Mesmo nas universidades privadas nos EUA, as pesquisas importantes
são financiadas pelo Estado. É o que se chama instituição privada de
objetivo público. É claro que as universidades públicas podem buscar
outras fontes de recursos, mas acredito que a maior parte de seu
funcionamento deve ser garantida pelo Estado.

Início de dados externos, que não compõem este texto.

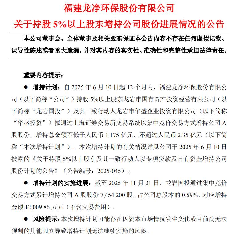 11月22日,龙净环保(600388.SH)发布公告,截至2025年11月21日,龙岩国投通过集中竞价交易方式累计增持公司A股股份745.42万股,占公司总股本的0.59%,对应增持金额1.2亿元(不含交易费用)。 公告称,本次增持计划可能存在因资本市场情况发生变化或目前尚无法预判的其他因素导致增持计划无法继续实施的风险。如遇上述风险情形,公司将及时履行信息披露义务,敬请广大投资者注意投资风险。 |
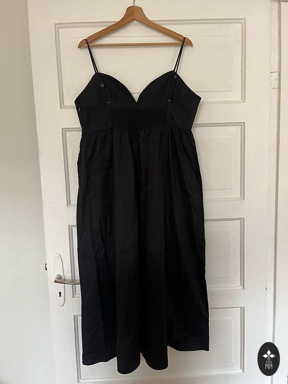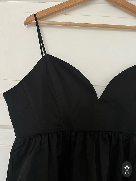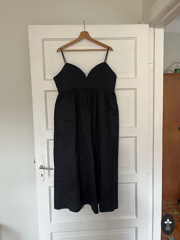 Juodas tiulio kostiumas, kuris iškart patraukia akį savo dramatišku tūriu ir įspūdingu ilgiu. Jis yra labai ilgas — net ir 1,80 m aukštis pasiekia žemę — ir išskirtinai pūstas, formuojantis stiprų, teatrališką siluetą. Kostiumas puikiai tinka dėvėti virš suknelės ar kito drabužio, ypatingiems renginiams ir fotosesijoms, kur reikalingas ryškus ir nepamirštamas vizualinis akcentas.

JU: E como o Estado brasileiro vem tratando as
universidades? Brito Cruz: O ensino superior
público precisa de mais atenção do que tem recebido Não quero dizer
que não deva existir ensino superior privado, mas o que não é bom
para o Brasil é o desequilíbrio que temos atualmente, com 25% de
matrículas no ensino superior público contra 75% no ensino privado.
Isso é desaconselhável do ponto de vista da qualidade da formação do
aluno e da inclusão social. Esses dois objetivos são muito
importantes e salta aos olhos que o ensino superior público os
cumpre muito mais efetivamente do que o ensino superior privado.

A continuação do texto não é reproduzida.